Les causes de cette flambée des amendes ne résident toutefois pas dans une mise à niveau des autorités compétentes mais plutôt dans l’introduction d’une réglementation généreuse à l’égard des témoins principaux. Depuis 2004, les entreprises et leurs dirigeants venus dénoncer une entente et produire les preuves nécessaires auprès de la Commission européenne n’encourent pas la moindre amende, quand bien même ils auraient été eux-mêmes par le passé les principaux bénéficiaires de cette entente.
Ajoutez à cela que les sanctions financières sont limitées à 10% maximum du chiffre d’affaires.
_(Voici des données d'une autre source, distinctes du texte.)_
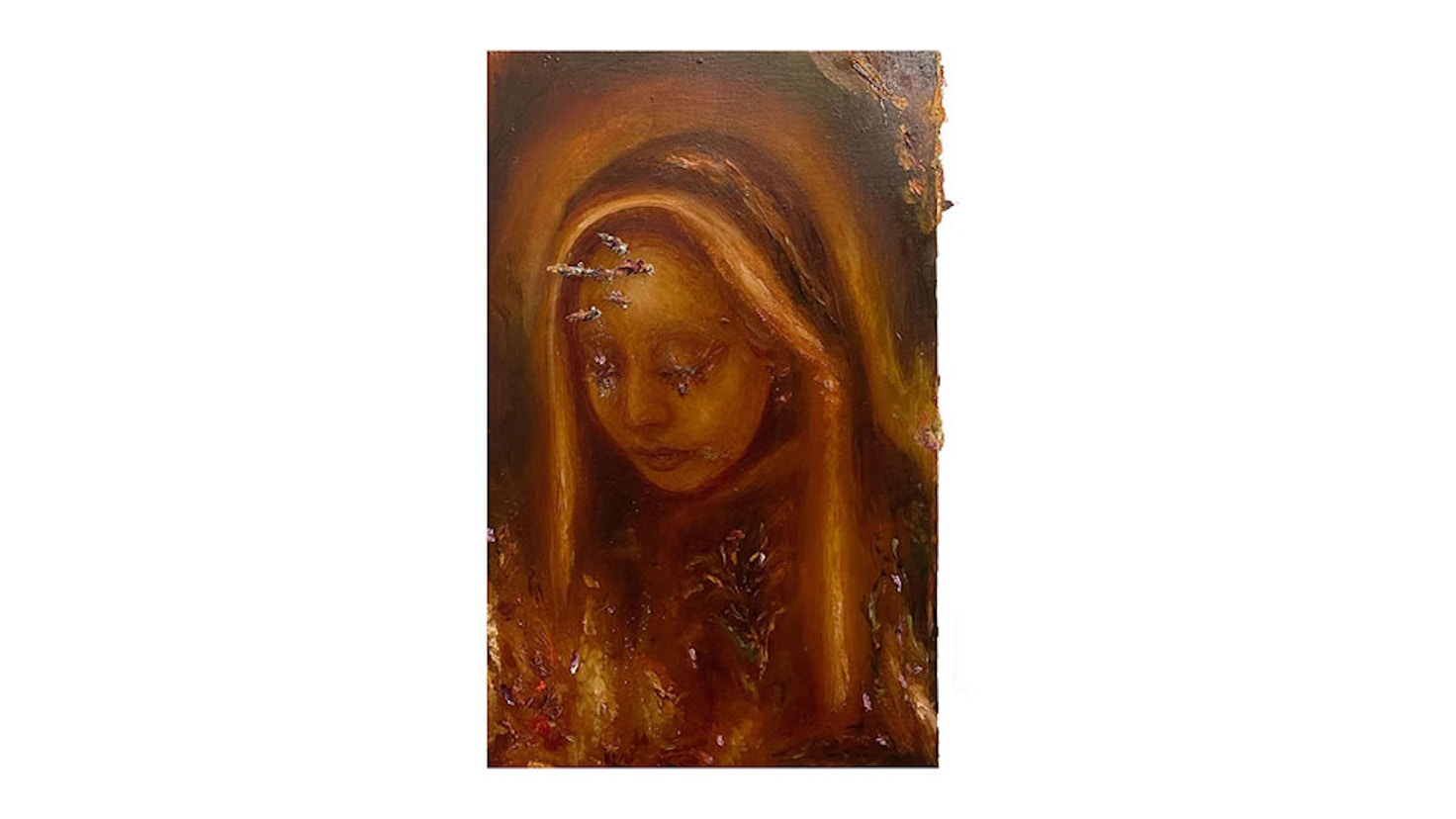 後藤は2019年に⼥⼦美術⼤学を卒業後、22年に東京藝術⼤学⼤学院美術研究科修⼠課程油画専攻第⼀研究室を修了。これまで、弾圧されながらも負の感情に争い戦い続ける、罪なき⼈々に光を当てる絵画作品を制作してきた。
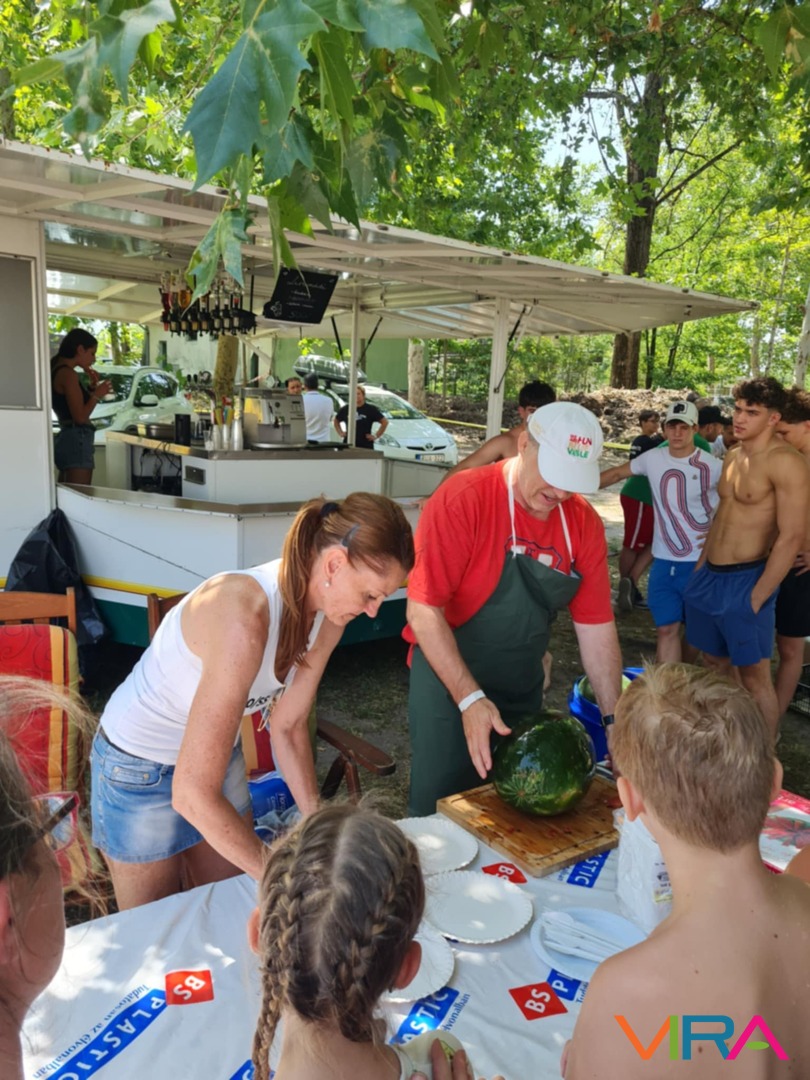 A korábbi éveknek megfelelően Komáromi Tibor – Európa bajnok, világbajnok, olimpiai ezüst érmes birkózó -, az idén is 150 kg dinnyével lepte meg a versenyzőket és a szurkoló családtagokat.

Une paille, comme en témoigne l’affaire du cartel des cimentiers allemands, mise au jour en 2002. D’après les calculs de l’autorité de la concurrence, il aurait spolié ses clients de près de deux milliards d’euros. Or, les entreprises incriminées n’auront versé au bout du compte que 400 millions d’euros de pénalités.
Peine d'emprisonnement aux Etats-Unis
Alors qu’ils causent des dégâts considérables, les trusts écopent d’amendes dignes des délinquants routiers. Leurs agissements sont considérés comme de simples infractions. Résultat : aucun de leurs auteurs n’en est tenu pour personnellement responsable devant la justice. La plupart du temps, l’opinion publique n’apprend même pas leurs noms.Il en va tout autrement aux Etats-Unis. Là-bas, l’appartenance à une entente est depuis longtemps passible d’une peine d’emprisonnement. En 2004, la peine maximale a même été allongée à dix ans de réclusion. L’Irlande et la Grande-Bretagne ont suivi le modèle américain. La république fédérale, quant à elle, ne veut pas en entendre parler. Le secrétaire d’Etat du ministre de l’économie Philipp Rösler a déclaré que ce dernier jugeait le régime de sanctions en vigueur "adapté" et "[émettait] des réserves pour ce qui [était] de la criminalisation du droit européen sur les ententes".
Si la persistance de l’Allemagne à sanctionner les ententes comme de simples peccadilles pose problème, c’est aussi, de l’avis de nombreux juristes, parce que cette générosité n’est pas valable pour tous. Les accords conclus lors des appels d’offres publics, appelés "soumissions concertées", sont bel et bien passibles de sanctions.